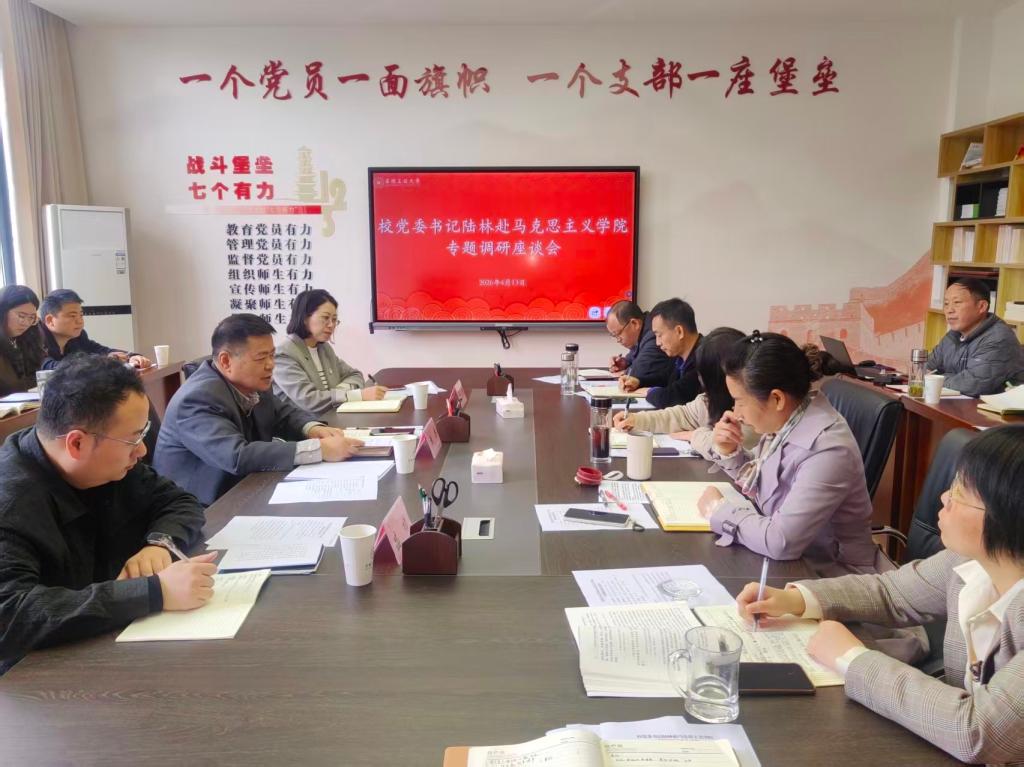 为深入学习贯彻党的二十届四中全会精神,推动全校树立和践行正确政绩观学习教育走深走实,4月13日上午,校党委书记陆林一行深入马克思主义学院,开展“践行‘一线规则’、解决急难愁盼”专题调研,现场办公破解发展难题。校党委常委、党委宣传(统战)部部长王菁,党办校办副主任盛樟,马克思主义学院领导班子成员、师生代表参加座谈会,学院党委书记徐惠主持会议。
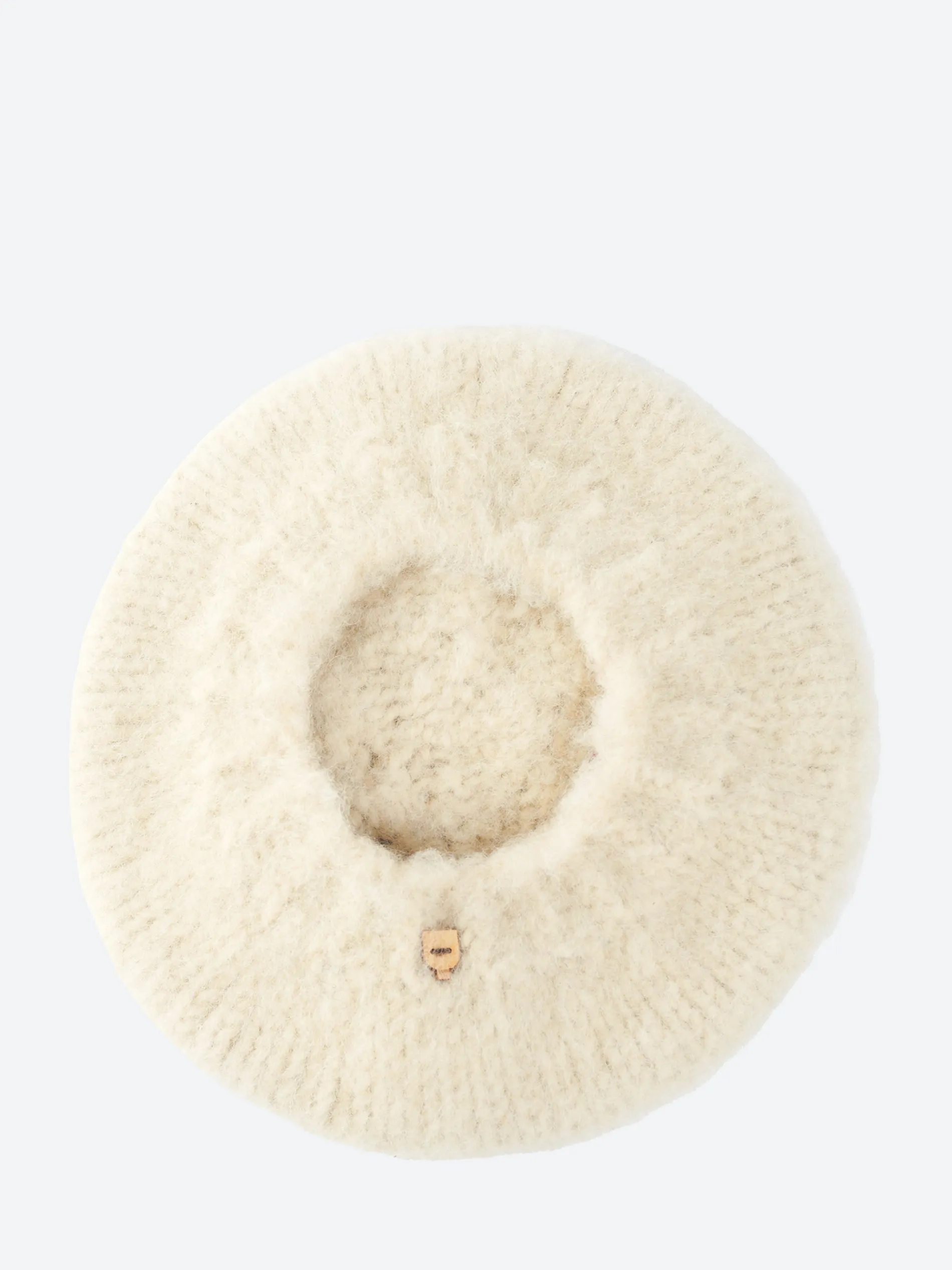 Hand-knit from chunky, undyed wool, this soft fluffy beret looks like it was brushed with snow.
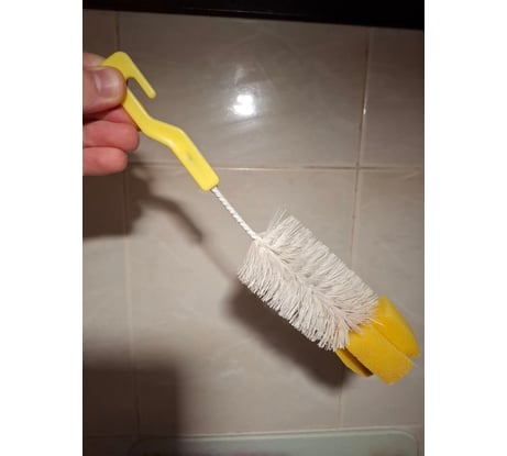Ерш с поролоновым наконечником. Удобно мыть банки, френч-пресс и другую посуду, в которую не пролезает рука. Конец металлического каркаса также обтянут поролоном и не царапает дно.
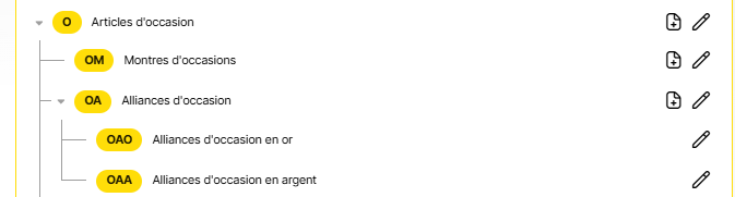 Exemple de structure d'une nomenclature pour objets d'occasion (groupe, famille et sous familles) :
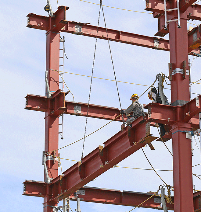 マンション・商業施設など、大型鉄骨建造物等を設計どおりに組み立てるのためには、骨組みとなる鉄骨の寸法は数ミリの狂いも許されません。全体的なバランスだけでなく、耐震・耐久性にも大きく関わるため、高度な技術が要求されます。株式会社め組工業では、細かな鍛冶工事も含め、現場に届いた鉄骨を設計図どおりに加工・調整し、建物の骨となるよう組み立て、仕上げます。
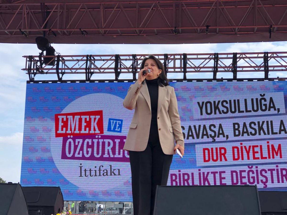 Mitingde konuşan HDP Eş Genel Başkanı Buldan, savaşa, yoksulluğa, baskılara karşı “Dur” demek için bir arada olduklarını söyledi.
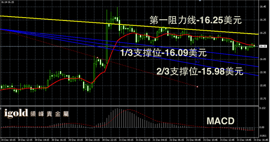 白银阴阳烛录得柱体较短,聚焦在红色日均线中位,短线MACD显示呈中性,白银价格晚上或浮动在16.15美元附近,低位支撑若跌破16.1美元,或继续下探至16.04美元附近。
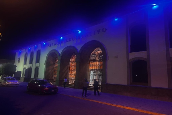 Se llevó a cabo la iluminación del Palacio Legislativo de color azul, mismo que representa esta afección, como una de las acciones simbólicas que buscan promover una sociedad más empática e incluyente para las personas con autismo, la cual inició el 2 de abril y se mantendrá durante esta semana.
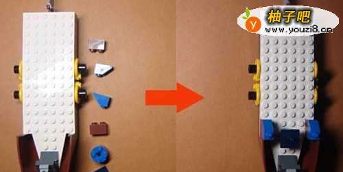 4然后,拼装帆船模型的船舱部分第一层。由两个白色的底板积木和一些零件积木所组成。左边是拼装所需的零件,右边是拼装好后的整体结构效果,如下图所示。
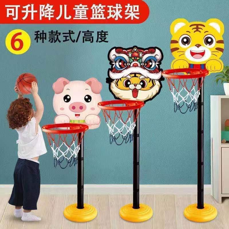 子供のバスケットボールのバスケットは室内外の漫画の縦型のシュートの枠の赤ちゃんのボールの種類の運動のおもちゃの男の子を昇降することができます。
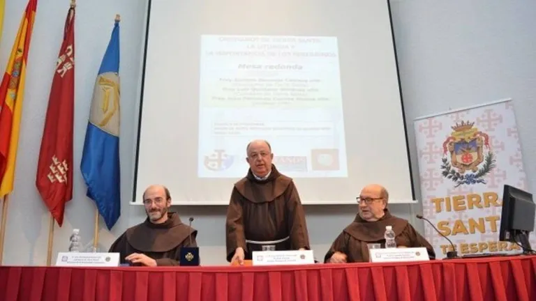 La recibía ayer su director, P. Miguel Ángel Escribano, al finalizar una mesa redonda titulada: "Cristianos en Tierra Santa. Liturgia de los santos lugares y la importancia de las peregrinaciones". En ella participaron Enrique Bermejo Cabrera, profesor del Estudio Bíblico de Jerusalén; Luis Quinta Giménez, Comisario de Tierra Santa en la Provincia de la Inmaculada; y Juan Fernando Cuenca Molina, profesor de Sagrada Escritura en el Instituto Teológico de Murcia OFM y guía de peregrinos.
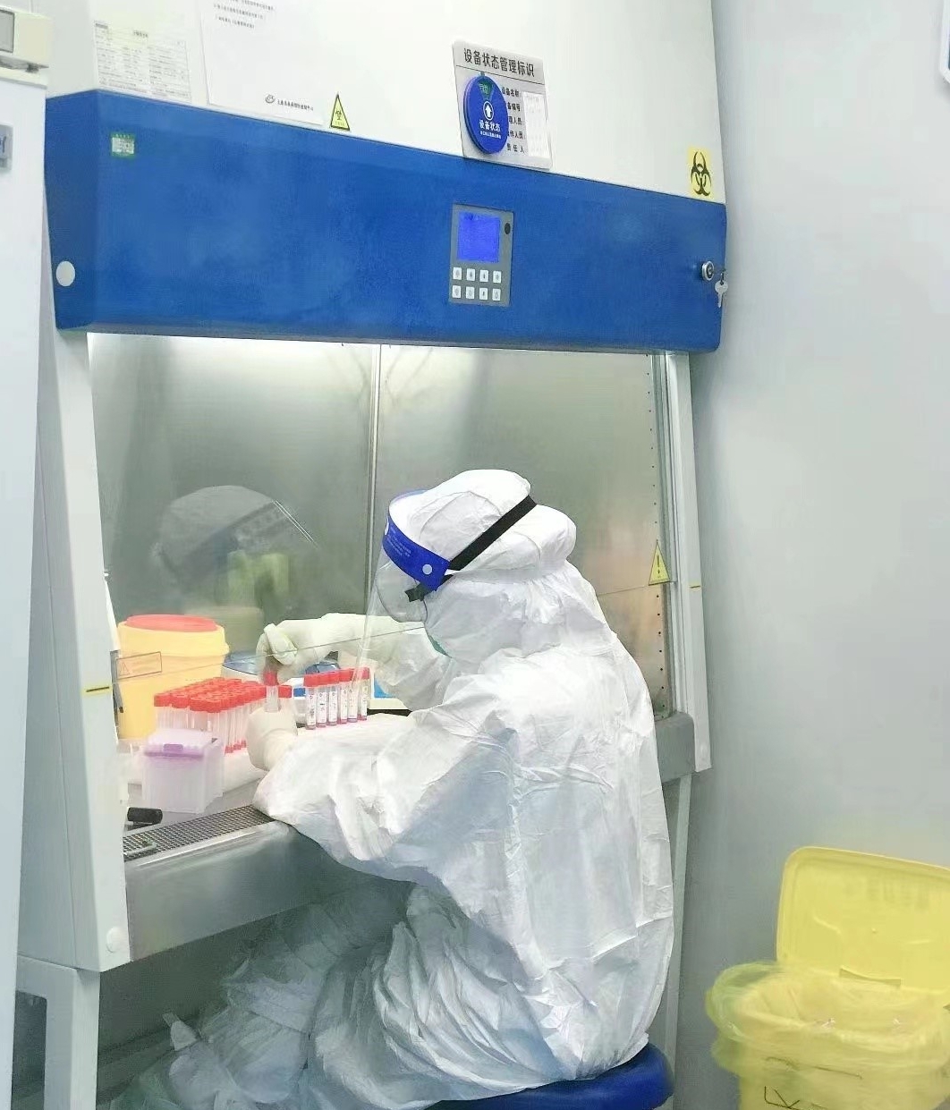 檢測結(jié)束后,姜等等還要整理信息,將陽性信息上報(bào),必須準(zhǔn)確無誤。此外,她還要負(fù)責(zé)PCR實(shí)驗(yàn)室醫(yī)療廢棄物處理……她就是一塊磚,哪里需要哪里搬。近一個月,姜等等戴著雙層乳膠手套,手上起滿了汗皰疹,手腳抽筋、上火、扁桃體發(fā)炎更是常態(tài)。她不分白天黑夜地工作,出現(xiàn)眩暈癥狀,但她從不抱怨、退縮,與同事互相鼓勵,用積極樂觀的心態(tài)奮戰(zhàn)在一線。
========
### Problem to solve
Reproduce exactly, and only, the part of the entries above that runs from the line with "La recibía ayer" to the last line, both included. Pictures stay out.

### Task response
 La recibía ayer su director, P. Miguel Ángel Escribano, al finalizar una mesa redonda titulada: "Cristianos en Tierra Santa. Liturgia de los santos lugares y la importancia de las peregrinaciones". En ella participaron Enrique Bermejo Cabrera, profesor del Estudio Bíblico de Jerusalén; Luis Quinta Giménez, Comisario de Tierra Santa en la Provincia de la Inmaculada; y Juan Fernando Cuenca Molina, profesor de Sagrada Escritura en el Instituto Teológico de Murcia OFM y guía de peregrinos.
 檢測結(jié)束后,姜等等還要整理信息,將陽性信息上報(bào),必須準(zhǔn)確無誤。此外,她還要負(fù)責(zé)PCR實(shí)驗(yàn)室醫(yī)療廢棄物處理……她就是一塊磚,哪里需要哪里搬。近一個月,姜等等戴著雙層乳膠手套,手上起滿了汗皰疹,手腳抽筋、上火、扁桃體發(fā)炎更是常態(tài)。她不分白天黑夜地工作,出現(xiàn)眩暈癥狀,但她從不抱怨、退縮,與同事互相鼓勵,用積極樂觀的心態(tài)奮戰(zhàn)在一線。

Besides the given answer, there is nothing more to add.